WHAT YOU ARE ASKED TO DO:
Copy out exactly the stretch below, from the line with "Blazing Needles Corded" through the line with "Прогноз магнитных бурь", both included; the pictures stay out.

SUPPLIED RECORDS:
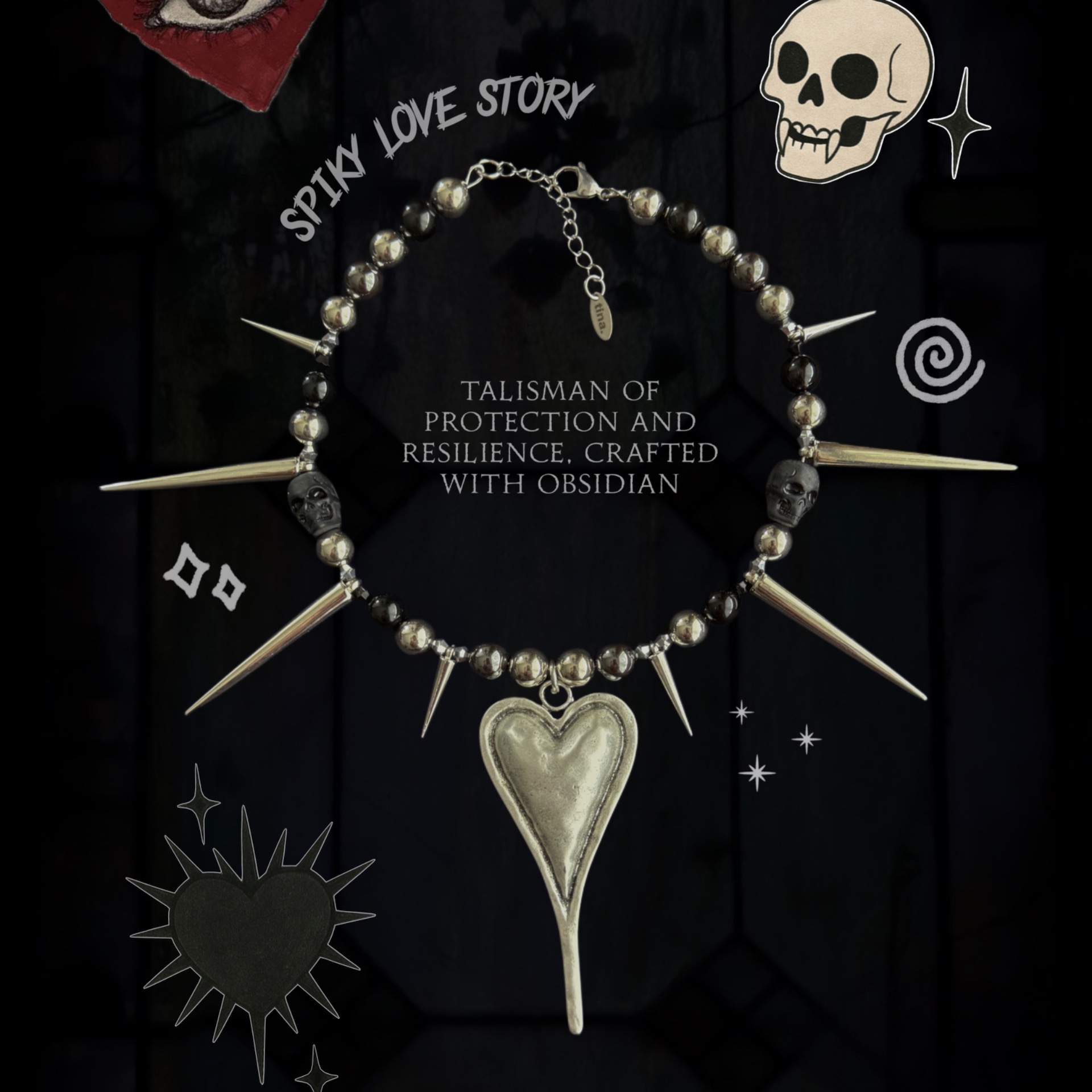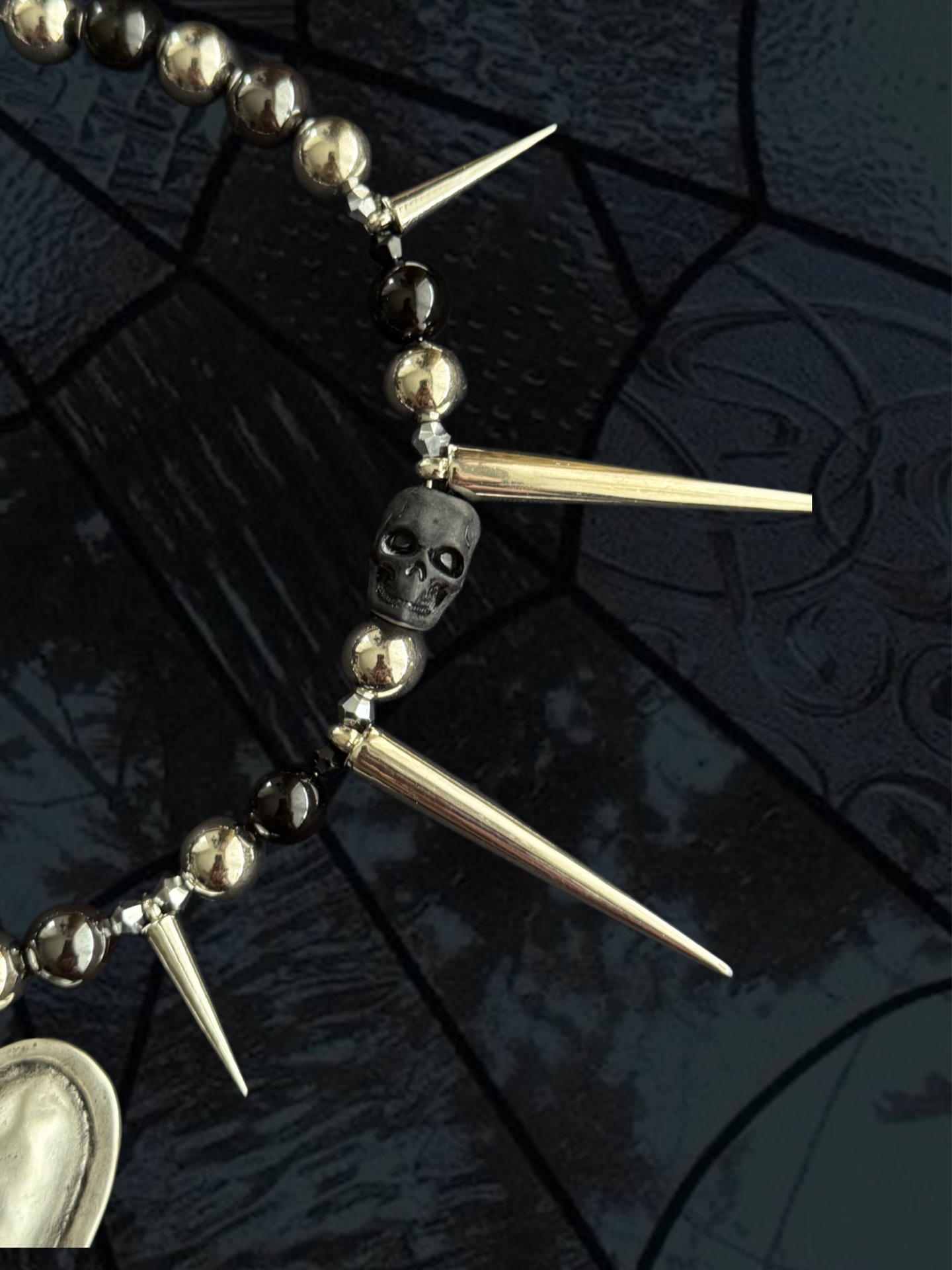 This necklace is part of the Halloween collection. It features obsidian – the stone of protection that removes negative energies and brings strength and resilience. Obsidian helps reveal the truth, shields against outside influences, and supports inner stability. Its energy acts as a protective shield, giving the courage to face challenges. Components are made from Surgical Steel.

* * *

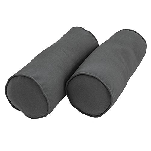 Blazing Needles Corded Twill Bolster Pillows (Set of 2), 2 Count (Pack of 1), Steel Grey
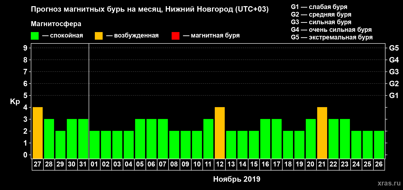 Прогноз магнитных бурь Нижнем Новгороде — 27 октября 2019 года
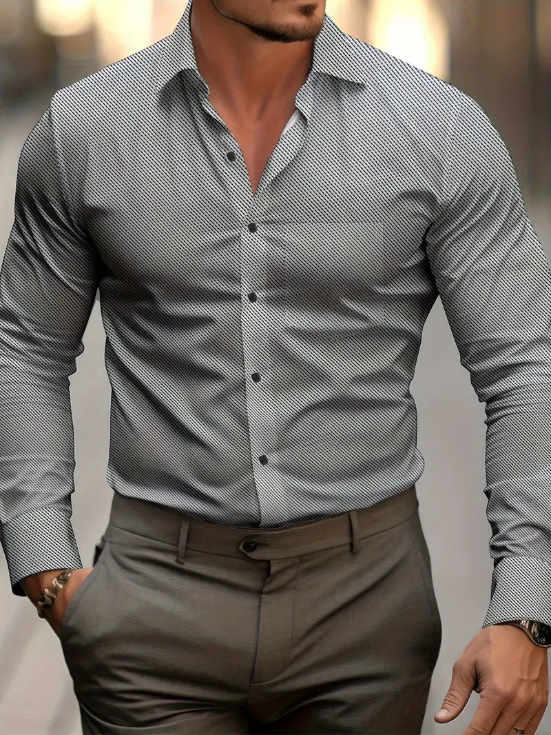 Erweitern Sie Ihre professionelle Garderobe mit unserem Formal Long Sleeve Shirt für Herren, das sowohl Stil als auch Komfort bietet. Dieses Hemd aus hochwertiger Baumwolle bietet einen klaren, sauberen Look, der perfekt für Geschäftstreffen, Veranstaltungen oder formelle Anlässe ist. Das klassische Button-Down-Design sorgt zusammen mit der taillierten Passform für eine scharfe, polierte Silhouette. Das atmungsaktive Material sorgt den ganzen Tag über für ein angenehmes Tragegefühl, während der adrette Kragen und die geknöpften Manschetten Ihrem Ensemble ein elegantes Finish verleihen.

TASK RESPONSE:
 Blazing Needles Corded Twill Bolster Pillows (Set of 2), 2 Count (Pack of 1), Steel Grey
 Прогноз магнитных бурь Нижнем Новгороде — 27 октября 2019 года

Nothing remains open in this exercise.